### Required action
Pictures stay out; everything else in the records below gets copied exactly.

### Record set
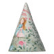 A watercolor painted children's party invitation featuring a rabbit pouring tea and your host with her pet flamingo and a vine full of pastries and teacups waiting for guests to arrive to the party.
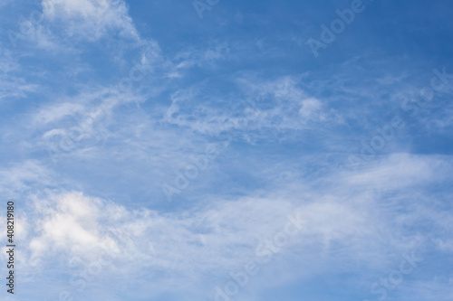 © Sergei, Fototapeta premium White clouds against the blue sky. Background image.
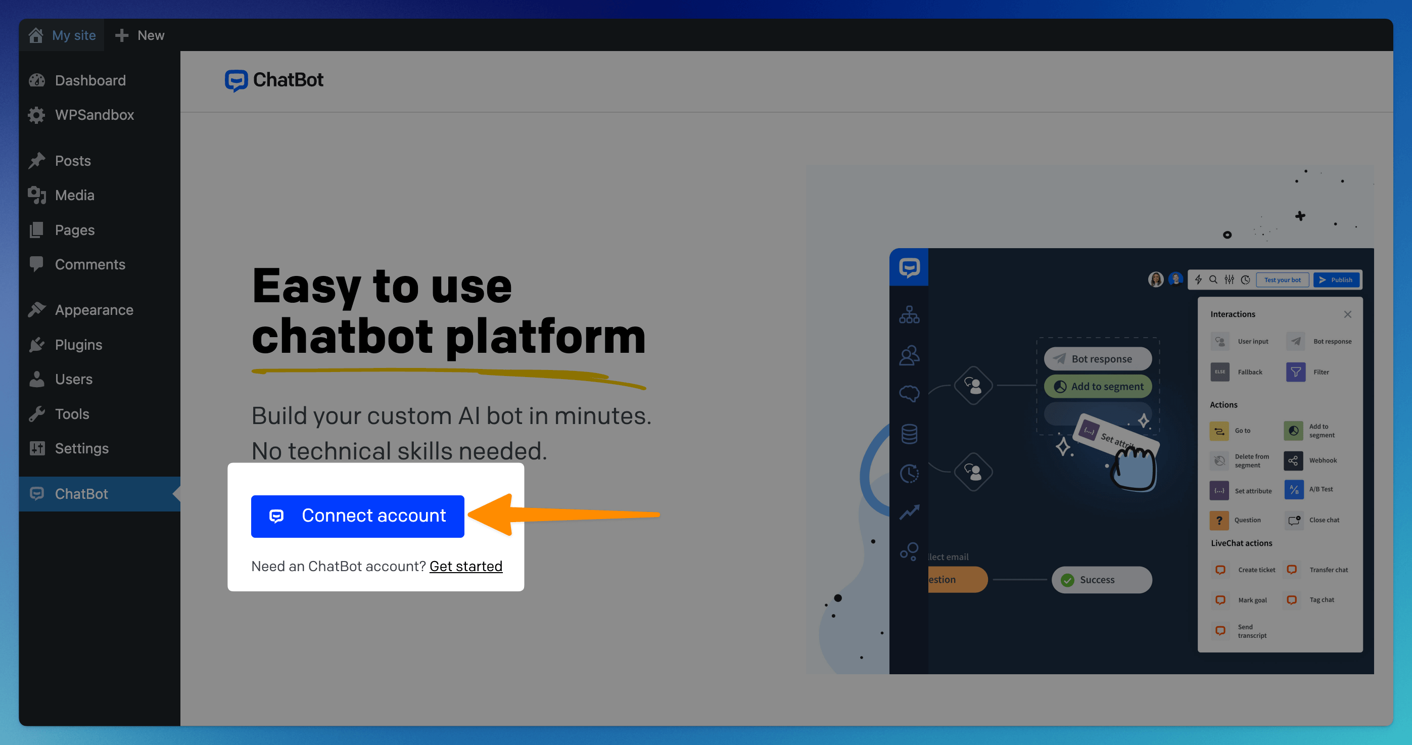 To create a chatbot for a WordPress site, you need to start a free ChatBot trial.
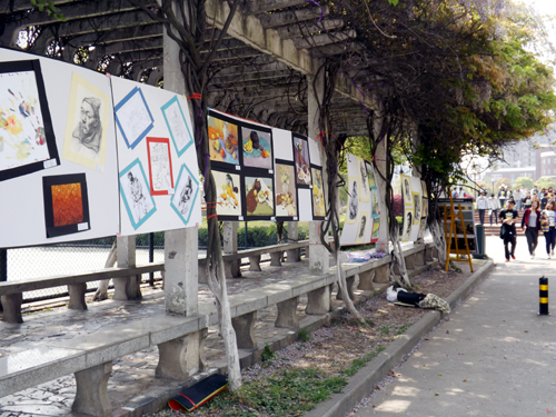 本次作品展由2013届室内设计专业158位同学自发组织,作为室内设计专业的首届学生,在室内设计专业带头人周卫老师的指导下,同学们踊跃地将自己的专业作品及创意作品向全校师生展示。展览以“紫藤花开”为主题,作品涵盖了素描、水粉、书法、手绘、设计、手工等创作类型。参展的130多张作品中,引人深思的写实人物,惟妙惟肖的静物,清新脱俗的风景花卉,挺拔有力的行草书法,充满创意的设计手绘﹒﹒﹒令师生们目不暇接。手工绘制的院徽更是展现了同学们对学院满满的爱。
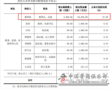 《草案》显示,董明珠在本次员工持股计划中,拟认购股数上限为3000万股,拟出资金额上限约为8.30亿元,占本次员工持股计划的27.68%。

### Task solution
 A watercolor painted children's party invitation featuring a rabbit pouring tea and your host with her pet flamingo and a vine full of pastries and teacups waiting for guests to arrive to the party.
 © Sergei, Fototapeta premium White clouds against the blue sky. Background image.
 To create a chatbot for a WordPress site, you need to start a free ChatBot trial.
 本次作品展由2013届室内设计专业158位同学自发组织,作为室内设计专业的首届学生,在室内设计专业带头人周卫老师的指导下,同学们踊跃地将自己的专业作品及创意作品向全校师生展示。展览以“紫藤花开”为主题,作品涵盖了素描、水粉、书法、手绘、设计、手工等创作类型。参展的130多张作品中,引人深思的写实人物,惟妙惟肖的静物,清新脱俗的风景花卉,挺拔有力的行草书法,充满创意的设计手绘﹒﹒﹒令师生们目不暇接。手工绘制的院徽更是展现了同学们对学院满满的爱。
 《草案》显示,董明珠在本次员工持股计划中,拟认购股数上限为3000万股,拟出资金额上限约为8.30亿元,占本次员工持股计划的27.68%。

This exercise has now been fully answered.